» **Required work**: Only an exact repeat of the listing, without its images, counts as the answer.

» **Supplied material**:

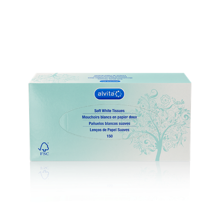 - One box of 150 tissues with two layers of cellulose
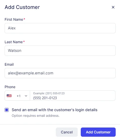 To create your first customer, simply click on the “+ Add Customer” button. This action opens a popup where you can enter the necessary customer details:
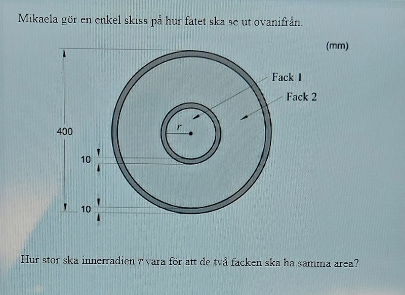 sedan sätter du det som lika A(fack1) och löser ut r.

» **Solution to the problem**:
 - One box of 150 tissues with two layers of cellulose
 To create your first customer, simply click on the “+ Add Customer” button. This action opens a popup where you can enter the necessary customer details:
 sedan sätter du det som lika A(fack1) och löser ut r.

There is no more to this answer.